Tips for selecting reference images

  • Augmented Images supports PNG and JPEG file formats. For JPEG files, avoid heavy compression for best performance.
  • Detection is solely based on points of high contrast, so both color and black & white images are detected, regardless of whether a color or black & white reference image is used.
  • The image's resolution should be at least 300 x 300 pixels.
  • Using images with high resolution does not improve performance.
  • Avoid images with sparse features.
  • Avoid images with repetitive features.
  • Use the arcoreimg tool to get a score between 0 and 100 for each image. We recommend a score of at least 75. Here are two examples:
Score: 100Score: 0
Image contains many unique feature points Image contains highly repetitive features

Tips for creating the image database

  • The database stores a compressed representation of the reference images. Each image occupies ~6KB.
  • It takes ~30ms to add an image to the database at runtime. Add images on a worker thread to avoid blocking the UI thread, or if possible, add images at compile time with the arcoreimg tool.
  • If you know the expected physical size of an image, specify it. This metadata improves tracking performance, especially for large physical images (over 75cm).
  • Avoid keeping unused images in the database as there's a slight impact on system performance.
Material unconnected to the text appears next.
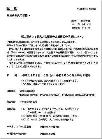 これも自治会の回覧文書なんですけど、うん、うん、毎年恒例の、花火大会翌日の会場周辺の清掃案内ですねぇ(^.-)☆

Tips for optimizing tracking

  • Beginning with ARCore 1.9, if your image will never move from its position (for example, a poster affixed to a wall), you can attach a global anchor to the image to increase the stability of tracking.
  • The physical image must occupy 25% of the camera image. You can prompt users to fit the physical image in their camera frame with the FitToScan asset. See the Augmented Images developer guide for the Android SDK, Android NDK, or ARCore SDK for Unity for an example of this prompt.
  • When an image is initially detected by ARCore, and no expected physical size was specified, its tracking state will be paused. This means that ARCore has recognized the image, but has not gathered enough data to estimate its location in 3D space. Do not use the image's pose and size estimates until the image's tracking state is tracking.